Owners of Chicago landmarks who deliberately neglect their buildings to justify demolition and a lucrative land sale to developers would lose their incentive under a crackdown advanced Thursday at the behest of an Old Town alderman.

Ald. Brian Hopkins (2nd) championed the ordinance — and pushed it through the City Council’s Zoning Committee — to appease the Old Town Triangle and East Village Associations.

The driving force was the recent case of an Old Town house in a landmark district. Hopkins contends the owner “intentionally allowed that structure to decay and degrade into a state where, the claim was, demolition would be the only remedy.”
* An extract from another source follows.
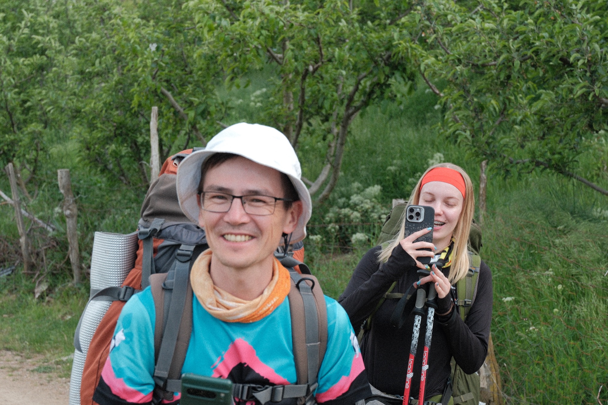 Шли по дороге, а потом садами. Вспомнил работу на сборе яблок в совхозе в старшей школе, вообще головой на Кубань вернулся. Люди нам сигналили, махали руками и непременно улыбались.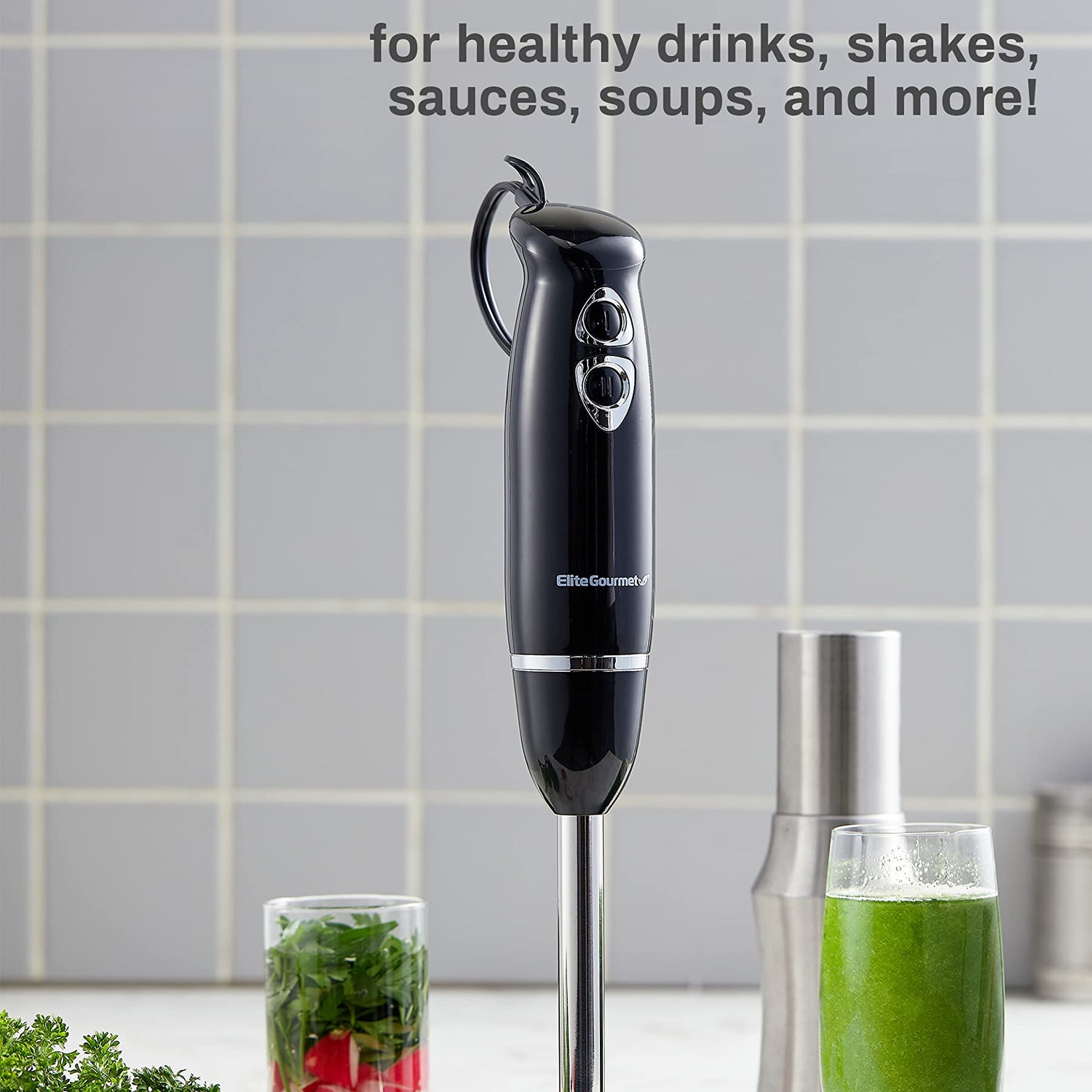 Elite Gourmet EHB1015 Immersion Hand Blender 500 Watts 2 Speed Mixing with Stainless Steel Blades, Detachable Wand Stick Mixer, Smoothies, Baby Food, Soup, Black

“For a developer, any time there seems to be an opportunity to do a tear down or to build something new, the price goes up significantly and the offers start coming in,” Hopkins said Thursday, refusing to provide the address of the Old Town home because the case is still tied up in court.

“So, if you’re sitting on a landmark property that might be on the fence in terms of its viability and developers come along and whisper in your ear, the kind of money that they’re offering is very tempting.”

Hopkins’ ordinance would make that more difficult.

It would slap daily fines as high as $2,000 against owners of buildings with “compromised exterior, structural or defective elements.”

If an administrative hearing officer determines that the landmark building fell into disrepair because of the owner’s “contributing acts,” the buildings commissioner “shall not issue a permit for new construction on the applicable zoning lot for a period of two years.”

A Circuit Court judge could impose an even longer moratorium on new construction — for “up to ten years,” the ordinance states.

The Old Town Triangle Association and the East Village Association have been swimming upstream to preserve the “historic charm” of a neighborhood with rising property values filled with landmark buildings where developers would much rather get rid of the old and replace it with bigger and taller structures.

“Especially over the last couple of years — we’ve seen a number of issues tied to landmarks and landmark districts being destroyed or coming to a point where they were determined by the Department of Building to be unsafe,” Ward Miller, executive director of Preservation Chicago, told aldermen.

Miller called Hopkins’ ordinance “an important step forward” to preserve Chicago landmarks that he called “cultural and world treasures.”

Lisa DiChiera, director of advocacy for Landmarks Illinois, said she, too, has been “very alarmed at the uptick in what we have seen as intentional neglect” to landmark buildings in recent years — “especially in those landmark districts where we know that real estate values are increasing. … Several owners have intentionally allowed properties to deteriorate in the hope of profit. We do hope this amendment will help deter that trend,” she added.

Veteran community activist Allan Mellis, a historic preservation advocate, noted that Chicago’s newly-created “Landmark Opportunity Bonus Fund” will provide money for “historic building restoration” across the city.

“That is the carrot. In order to put additional pressure, this is the stick,” Mellis said, referring to the penalties included in Hopkins’ ordinance.

“Hopefully, this carrot-and-stick approach will result in better protection of our historic landmark buildings.”

Hopkins argued that landmark preservation is particularly critical in a city that was literally rebuilt from the ashes.

“This is really the Second City after the Great Chicago Fire. We don’t have a wide inventory of structures that existed prior to 1871. So many of them were destroyed. It makes historic preservation even more important,” Hopkins said.

That’s particularly true in Old Town, the alderman said, where property values are driven, in part, by the sense of “historic charm.”

“It just looks like a really special place. And one of the reasons it’s a special place is because it does have a higher concentration of older buildings. That needs to be preserved just to keep that quality of life that attracts people to Old Town in the first place,” he said.